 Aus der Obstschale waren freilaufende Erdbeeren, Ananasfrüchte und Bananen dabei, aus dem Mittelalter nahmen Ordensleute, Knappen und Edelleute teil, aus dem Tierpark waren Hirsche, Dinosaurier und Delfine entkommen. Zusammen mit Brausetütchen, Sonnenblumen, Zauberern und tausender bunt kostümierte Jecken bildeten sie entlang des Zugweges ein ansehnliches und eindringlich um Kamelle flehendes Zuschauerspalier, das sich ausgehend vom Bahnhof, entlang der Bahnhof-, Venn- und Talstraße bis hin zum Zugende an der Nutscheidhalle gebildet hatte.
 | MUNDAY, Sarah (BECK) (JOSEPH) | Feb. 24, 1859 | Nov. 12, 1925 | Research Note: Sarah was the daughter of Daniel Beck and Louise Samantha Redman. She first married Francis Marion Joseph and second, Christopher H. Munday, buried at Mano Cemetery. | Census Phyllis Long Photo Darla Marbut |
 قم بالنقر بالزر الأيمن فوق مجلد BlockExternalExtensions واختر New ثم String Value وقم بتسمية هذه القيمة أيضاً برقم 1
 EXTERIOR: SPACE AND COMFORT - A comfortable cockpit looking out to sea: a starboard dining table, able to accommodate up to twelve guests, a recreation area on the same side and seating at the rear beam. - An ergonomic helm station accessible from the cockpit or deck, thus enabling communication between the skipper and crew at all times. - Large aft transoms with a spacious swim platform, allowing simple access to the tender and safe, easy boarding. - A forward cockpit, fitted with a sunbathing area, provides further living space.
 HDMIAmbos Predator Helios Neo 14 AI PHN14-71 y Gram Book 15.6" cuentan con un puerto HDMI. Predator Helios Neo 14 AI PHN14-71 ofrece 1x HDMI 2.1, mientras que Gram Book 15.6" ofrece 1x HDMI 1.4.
------------------------------------------------------------
Exercise: Every entry above must appear again in the reply, exactly as it stands.

Response below:
 Aus der Obstschale waren freilaufende Erdbeeren, Ananasfrüchte und Bananen dabei, aus dem Mittelalter nahmen Ordensleute, Knappen und Edelleute teil, aus dem Tierpark waren Hirsche, Dinosaurier und Delfine entkommen. Zusammen mit Brausetütchen, Sonnenblumen, Zauberern und tausender bunt kostümierte Jecken bildeten sie entlang des Zugweges ein ansehnliches und eindringlich um Kamelle flehendes Zuschauerspalier, das sich ausgehend vom Bahnhof, entlang der Bahnhof-, Venn- und Talstraße bis hin zum Zugende an der Nutscheidhalle gebildet hatte.
 | MUNDAY, Sarah (BECK) (JOSEPH) | Feb. 24, 1859 | Nov. 12, 1925 | Research Note: Sarah was the daughter of Daniel Beck and Louise Samantha Redman. She first married Francis Marion Joseph and second, Christopher H. Munday, buried at Mano Cemetery. | Census Phyllis Long Photo Darla Marbut |
 قم بالنقر بالزر الأيمن فوق مجلد BlockExternalExtensions واختر New ثم String Value وقم بتسمية هذه القيمة أيضاً برقم 1
 EXTERIOR: SPACE AND COMFORT - A comfortable cockpit looking out to sea: a starboard dining table, able to accommodate up to twelve guests, a recreation area on the same side and seating at the rear beam. - An ergonomic helm station accessible from the cockpit or deck, thus enabling communication between the skipper and crew at all times. - Large aft transoms with a spacious swim platform, allowing simple access to the tender and safe, easy boarding. - A forward cockpit, fitted with a sunbathing area, provides further living space.
 HDMIAmbos Predator Helios Neo 14 AI PHN14-71 y Gram Book 15.6" cuentan con un puerto HDMI. Predator Helios Neo 14 AI PHN14-71 ofrece 1x HDMI 2.1, mientras que Gram Book 15.6" ofrece 1x HDMI 1.4.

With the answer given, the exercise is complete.